Vasavada: Radiation is Problem NASA Needs to Solve for Human Missions

Vasavada: Radiation is Problem NASA Needs to Solve for Human Missions

Describing some of the Curiosity mission’s discoveries in the rover’s first year on Mars during a lecture commemorating its anniversary, Deputy Project Scientist Dr. Ashwin Vasavada explained that the high levels of radiation measured by the spacecraft indicate that a Mars-bound human mission would exceed NASA’s lifetime exposure limit for astronauts. “It is a problem, but NASA has to solve it,” said Vasavada. “NASA just has to design the spacecraft to shield the astronauts that much better.”

Vasavada, who spoke as part of the Von Kármán Lecture Series at NASA’s Jet Propulsion Laboratory on Thursday night, outlined the goals of the Mars Science Laboratory (MSL) mission, better known as Curiosity (the rover’s name).  “We are not looking for life with this mission,” he said.  The goal is to answer what he described as a “more practical question,” that is “whether Mars could have ever supported life.”

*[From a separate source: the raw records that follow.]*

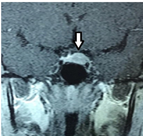
FIGURE 1: Pituitary gland MRI at diagnosis showed a suprasellar mass (arrow)

Preliminary investigation to rule out pregnancy, as a cause for secondary amenorrhoea and galactorrhoea in her was negative. Evaluation of pituitary hormones showed high serum prolactin on consecutive testing, with a level of 466.9 & 467 ng/mL (normal range: 4.0-23). Other pituitary hormones such as follicular stimulating hormone (FSH), luteinizing hormone (LH), TSH, serum oestradiol and progesterone were all within normal range. Her full blood count, lipid profile, renal and liver function tests were also normal. Pituitary gland magnetic resonance imaging (MRI) showed a left suprasellar mass measuring 1.2 x 1.1 x 1.4 cm (Transverse x Craniocaudal x Anterior Posterior). The floor of the sella was thin, and the mass protruded into the sphenoid sinus. Superiorly there was no extension to the floor of the 3 rd ventricle or optic chiasm. There was minimal extension of the mass into the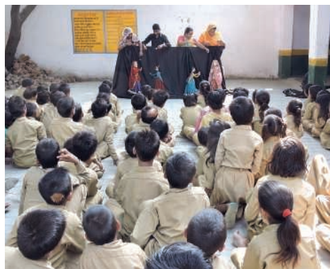
Training workshops for scientists and creative public engagement programs are central to India Alliance's vision of building a robust biomedical research ecosystem in India. Top image represents hematopoietic stem cells (purple), progenitor cells (blue), niche cells (green) and cardioblasts (orange) in a Fruit fly.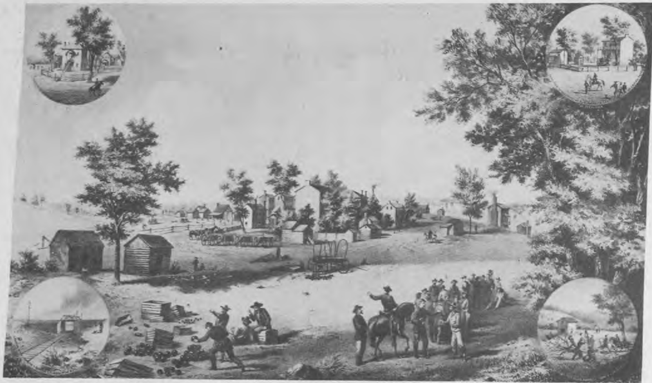
The village of Appomattox Court House as it looked in April 1865. From a contemporary lithograph.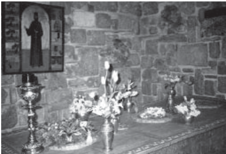
Old sepulchre of St. Ephraim in monastery church a very loud, strong voice and a frightening persuasiveness that didn't leave

Once, during that time, as I sat at home alone in a state of despair, a strange visitor whom I had never seen before appeared in front of me. He was of medium height, and had very large round eyes that kept rolling about. He had long black bushy hair on his body. Also he had horns and a tail. He had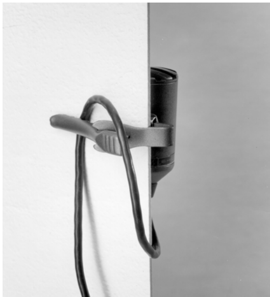
CABLE ANCHORING FIGURE 4

Insert the SM11 in the tie clasp and anchor the cable as shown in Figure 4. Affix the clasp to a tie, shirt, or blouse. Note that the microphone can be swiveled 360° in its holder for left, right, or vertical ("pen clip") use.

Reaching Mars in the first place was half the battle.  In describing the engineering challenge of landing “this beast,” Vasavada showed a slide (below) depicting the rover hanging from its skycrane during the landing sequence with the words “NO WAY” superimposed.  He suggested that it reflects the usual reaction of anybody who learned of the complicated steps required for a successful landing – what the agency dubbed the “7 minutes of terror.”

Image credit:  Ashwin Vasavada, JPL

As captured in a now-famous video showing ecstatic engineers at JPL and captivated citizens around the country, Curiosity performed the intricate dance perfectly and, on August 5, 2012 (Pacific Daylight Time, August 6 Eastern Daylight Time), landed safely on Mars at Gale Crater.

As it moves within the crater towards Mount Sharp, its target exploration site, Curiosity is “a little way into a long journey,” said Vasavada.  Yet already the measurements and images that the rover has sent to Earth have enabled significant scientific discoveries – from the engineering feat of figuring out the movement of the rover’s arm to allow for self-portraits, to finding examples of evidence that water once flowed on Mars and the detection of clay minerals, to finding that argon – not nitrogen – is the next most-common element in the Martian atmosphere.

“It’s not life-changing,” said Vasavada of the latter discovery, “but…it is rewriting the text-books.  Someone needs to update that Wikipedia page.”

The archived webcast of the lecture is available on JPL’s website.